As the band’s name suggests, Murder By Death is attracted to darkness.
“We’re all into that sort of stuff,” Turla said. “Musically, we like the minor-key sounds. We didn’t want to write pop music. We didn’t want to write silly, fun music. We want to do stuff that has a more dramatic tone. So that’s what we’ve been doing for a long time.”
Turla believes Murder By Death’s seriousness secured a niche for the group.
“We’ve found a style of music that not many people do,” he said. “It’ll never be as popular as something that is going to trend, become super-of-the moment, but it’s allowed us to continue to do this for quite a while. People who are looking for something like what we do, they’re happy to find it.”
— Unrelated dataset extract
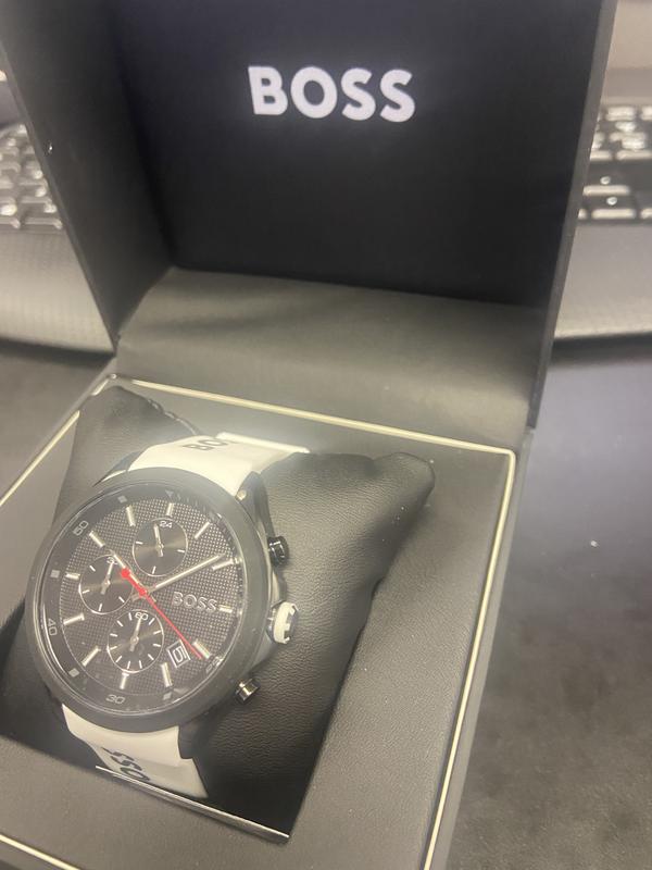 My son loves wearing this chronograph. The color of the white band makes it go very well with the denim & blazer look - the Boss logo is written on the band & it shows well. Lastly I loved the packaging, the cushion with the mysterious black box looks very high end, someone could easily play this off as a thousand dollar watch.

Murder By Death is in its 12th year. The group formed in Bloomington when its members were attending Indiana University.
“We were 18, 19 years old,” Turla recalled. “So we have grown up with this band. We’ve been able to figure out what this band is along the way. For us, it’s been a creative experiment the whole time.”
Turla sees Bitter Drink, Bitter Moon, the band’s sixth album, as a turning point, in part because it’s the first Murder By Death recording with new member Scott Brackett. A multi-instrumentalist and backup singer, Brackett enriches arrangements with piano, trumpet, accordion and more.
Long before Brackett’s arrival, Murder By Death had a claim to unusual arrangements through Sarah Balliet’s cello.
“We figured out early on that we wanted to treat the cello like a lead guitar,” Turla said. “So she’s playing that role and I just lay back and let her handle the heavy work. I focus on singing and grounding the songs with guitar chords here and there.”
Bassist Matt Armstrong, too, plays his instrument in unconventional ways.
“A lot of that stuff that people think is a keyboard or a guitar or the cello is actually Matt making strange sounds with his plethora of pedals,” Turla said. “We often will be like, ‘OK, in this song, the cello will play bass, the bass will play guitar and the guitar will be percussion. We flip who’s handling what role.”
The members of Murder By Death, a band Turla named after the 1976 comedy-mystery movie, Murder by Death, left and then returned to Indiana University. Turla is still a few credits short of his degree in English and religious studies.
“We wrote our third album, In Bocca Al Lupo, while we were back in school,” he said. “This was 2005. A lot of people in the music industry were interested in the band at that point, but there wasn’t any money in it.”
Murder By Death’s members didn’t know whether they should finish their educations and get real jobs or continue with the band.
The group completed its In Bocca Al Lupo album and its subsequent 2006 touring went well.
“But we’ve never had a moment where it was obvious that we were a big success,” Turla said. “It’s always been gradual growth for this group.”
Turla doesn’t know how long Murder By Death ultimately will last but, for now, the albums and tours continue. The band is on a co-headlining tour with Philadelphia’s Man Man. The tour reaches Baton Rouge Thursday, Feb. 14, for a show at the Spanish Moon.
“It’s a great pairing because we’re both strange bands,” Turla said.